Cybersecurity awareness must move beyond compliance by using it as an opportunity to build culture, not as a one-off requirement. A CISO should first meet people where they are, recognizing different levels of cyber literacy and using that as a starting point rather than overwhelming teams with technical detail. The initial focus should be on business purpose and a business-aligned security strategy, framing cybersecurity through concrete questions such as how quickly a cyber incident could disrupt core revenue streams, critical research or compromise intellectual property, rather than through purely technical explanations. Over time, this approach allows a security culture to develop gradually, helping teams understand which vulnerabilities exist, how they are being addressed, and why specific measures matter, without losing engagement through excessive technical depth.
Crucially, the approach must fit the corporate culture. In more conservative environments like QIAGEN, a structured and careful communication style is more effective. At DAZN, a digital media company, I found that a more informal and agile approach connected better with teams and led to stronger engagement. Adapting the security culture to the organization’s corporate identity is therefore key to making cybersecurity awareness sustainable and truly embedded in everyday decision-making.
Speaking in a personal capacity, not on behalf of ENISA, the largest gap I see is between the ambition and scope of EU regulation and the actual starting point of many organizations that now fall under it. Taking NIS2 as an example, in Germany alone tens of thousands of companies, many from the “Mittelstand”, are newly in scope. A large share of them have solid IT teams that try to protect the revenue stream but no dedicated security function and are still far away from the maturity level the regulation ultimately expects.
A second major gap lies in how regulation is translated into practice. A common pattern is that IT teams read a requirement such as “use MFA,” select a technical solution, and roll it out very quickly. This can disrupt business operations, trigger leadership pushback, and reinforce the perception that security is purely obstructive. Most regulations do not demand reckless speed, they demand outcomes. The missing piece is often a business-aware implementation that balances security goals with operational reality. Finally, there is a strong human and cultural gap. Regulations can mandate that awareness training exists, but they cannot ensure that it is meaningful or embedded in everyday behavior. There is often a missing translation layer between legal text, technical controls, and how people actually work.

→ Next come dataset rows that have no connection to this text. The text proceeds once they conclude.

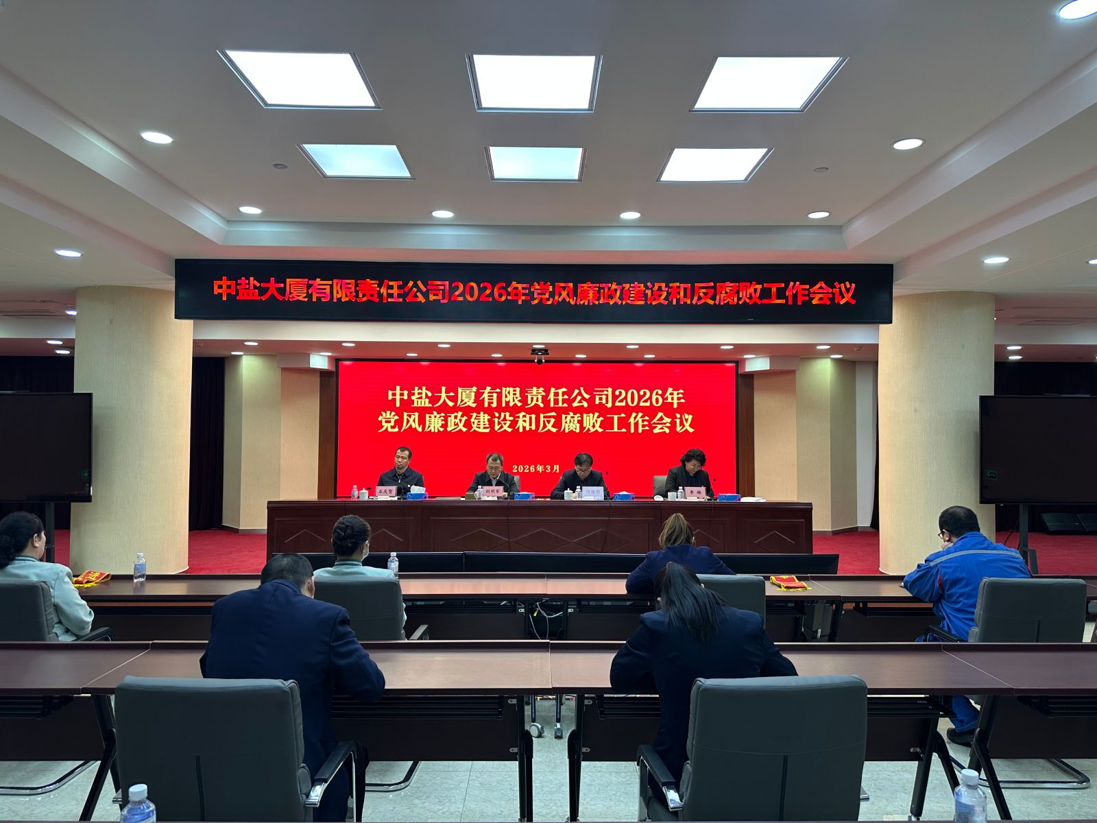 3月4日,中盐大厦召开2026年党风廉政建设和反腐败工作会议。会议深入学习贯彻习近平总书记关于党的建设的重要思想、关于党的自我革命的重要思想,全面落实党中央、国务院国资委党委和集团公司关于全面从严治党的部署要求,总结2025年工作成效,明确2026年重点任务。中盐大厦党支部书记刘明军出席会议并讲话,副总经理石庆贺传达了集团公司党风廉政建设和反腐败工作会议精神。会议由中盐大厦副总经理李琳主持。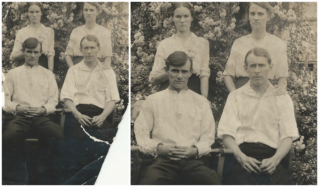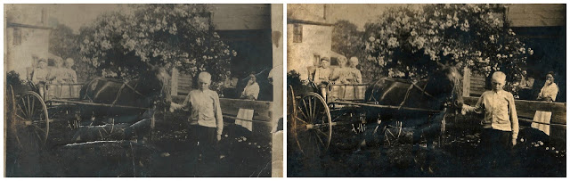 The other part of my research has been scanning and restoring photos from my husband’s great-grandmother as well as many photos from my family. I’ve taken a little break from digital scrapbooking as much to do this. Photoshop is an amazing thing! Here are some of the before and after results…
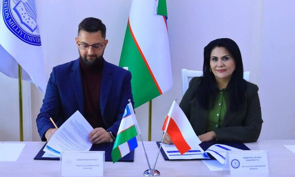 During the study visit to Uzbekistan, which took place from 5 to 13 November 2025, Dr. Eng. Jakub Kostecki delivered lectures on soil degradation for students of the Mirzo Ulugbek National University of Uzbekistan. During his stay, he also visited a field experiment established under the supervision of Prof. Zafarjon Jabbarov located on the dry bed of the Aral Sea. The visit aimed to explore opportunities for future international research projects focused on environmental protection, particularly in degraded areas affected by anthropogenic activity. As part of the programme, a meeting was also held with university authorities, represented by the Vice-Rector for International Relations, Prof. Raima Shirinova. During the meeting, opportunities for academic staff and student mobility were discussed, as well as the possibility of research internships and joint innovative research projects within the Erasmus+ framework. The discussions emphasised the strengthening of long-term cooperation and the expansion of academic exchange between the institutions. At the end of the meeting, the Erasmus+ inter-institutional agreement was signed, confirming their readiness for continued collaboration.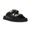 כפכפים שטוחים מעור לנשים בשחור עם אבזמים זהובים מבית סטיב מאדן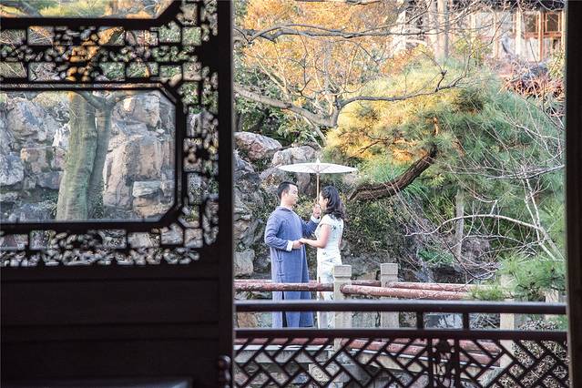 遇到了一对拍婚纱照的新人,希望他们能在这个爱情圣地得到祝福。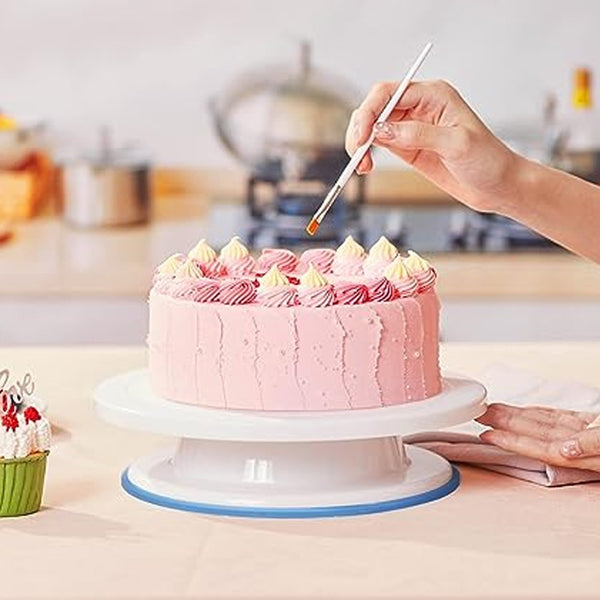 • The turntable stand revolves smoothly with hidden ball bearings and helps you easily decorate cakes for birthdays, weddings, and other events.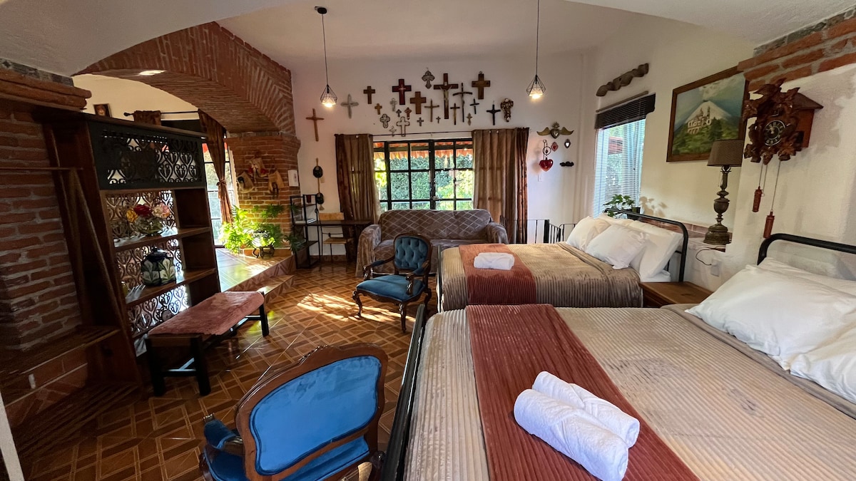 Profitez d'un confort moderne dans un manoir du XVIIe siècle. Le loft comprend une chambre, une kitchenette, une salle à manger et une terrasse avec vue sur les volcans et la Grande Pyramide. Les voyageurs ont accès à la bibliothèque et au patio central du manoir avec entrée indépendante. Situé à 3 pâtés de maisons du Zocalo et à 10 minutes à pied de la Grande Pyramide. Parking gratuit et services de spa en option. Adultes seulement. Facturation disponible.

Executives do not share a passion for technical detail. Early in my career, I spent too much time explaining how controls worked instead of focusing on what leadership needed to steer the company. Shifting to a business-risk perspective made conversations far more productive. Additionally, fundamentals always come first. It is tempting to chase advanced capabilities, but weak basic security hygiene will constantly pull you back into firefighting. Getting the basics to a “good enough” level creates the breathing room for strategic work and more mature leadership discussions.